Tristán no pudo evitar sonreír ante la ironía. Siguió el recorrido y se detuvo frente a otra vitrina que contenía la promesa «Construiré un futuro mejor para todos«.
—Ah, esta es universal —dijo la guía—. Ha sido pronunciada por casi todos los políticos, en todas las épocas. Es como un himno que nunca pasa de moda.
El recorrido por La Casita Azul colmó de sobra las aspiraciones del joven periodista que visitó decenas de anaqueles que contenían promesas tales como: “Lucharé contra la pobreza”, “Haré posible la accesibilidad universal”, “Gestionaré correctamente la inmigración”, “Reformaré el modelo de financiación autonómica”, “Nunca habrá ley de amnistía”. Puigdemont comparecerá ante la Justicia”, “Acabaré con el estancamiento de la productividad”, “Extenderé la tarifa plana a los autónomos”, “Ampliaré la cobertura por desempleo”, “Eliminaré las Diputaciones y fusionaré Ayuntamientos”, “Subiré en 36.000 millones el gasto social”….
Al final del recorrido, Tristán llegó a una preciosa sala especial denominada “El Salón de las Excusas”. Allí, dentro de armarios de caoba, en lugar de promesas, se exhibían las justificaciones más creativas de la clase política para no cumplirlas.
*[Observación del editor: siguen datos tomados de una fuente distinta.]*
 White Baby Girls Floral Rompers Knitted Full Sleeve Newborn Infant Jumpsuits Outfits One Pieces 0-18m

Frases como «La situación era más complicada de lo esperado«, «No contábamos con el apoyo necesario» o, «Lo intentamos, pero no fue posible«, brillaban en letras doradas.
—¿Y qué pasa con los ciudadanos? —preguntó Tristán—. ¿No se quejan?
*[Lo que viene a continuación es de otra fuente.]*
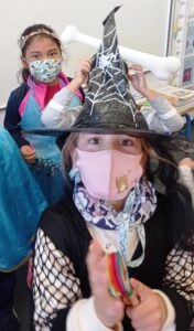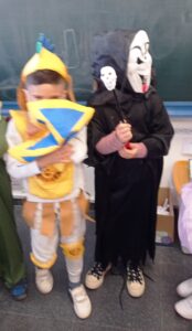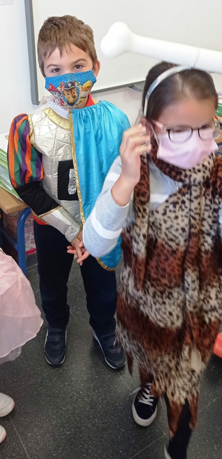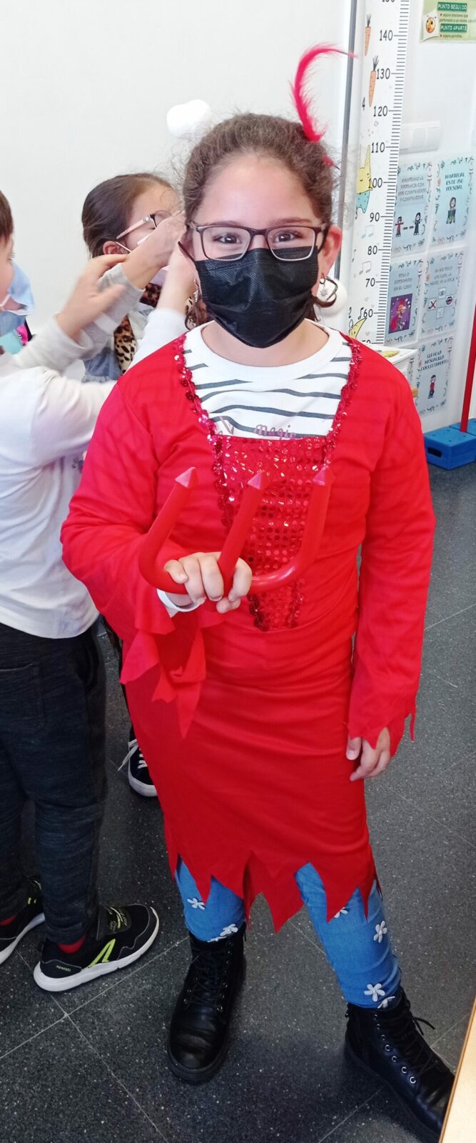 Aquel día el trabajo fue a muy buen ritmo. Faltaron algunos/as niños/as y nos dio tiempo hacer muchas tareas, así que para que hicieran un descanso saludable se me ocurrió que les encantaría disfrazarse de animales, de príncipes y princesas, de músicos, de trogloditas, de diablas, de brujas… de lo que cada uno/a quiso.

—Oh, claro que sí, claro que se quejan —respondió la educada y perfumada azafata—. Pero los políticos tienen una solución infalible: hacen nuevas promesas. Así que La Casita Azul sigue creciendo, y el ciclo continúa.
Al salir del museo, Tristán se encontró con un grupo de políticos anunciando sus nuevas promesas en una plaza cercana. «Esta vez será diferente«, decían. «Cumpliremos lo que prometemos«. La multitud aplaudía, pero nuestro joven plumilla no pudo evitar pensar en las vitrinas del museo, donde esas mismas palabras ya estaban archivadas, esperando su turno para ser olvidadas.
Moraleja: En el mundo de la política, las promesas son como estrellas fugaces: brillan intensamente por un momento, pero desaparecen antes de que puedas pedir un deseo.
Y colorín colorado, este cuento se ha acabado.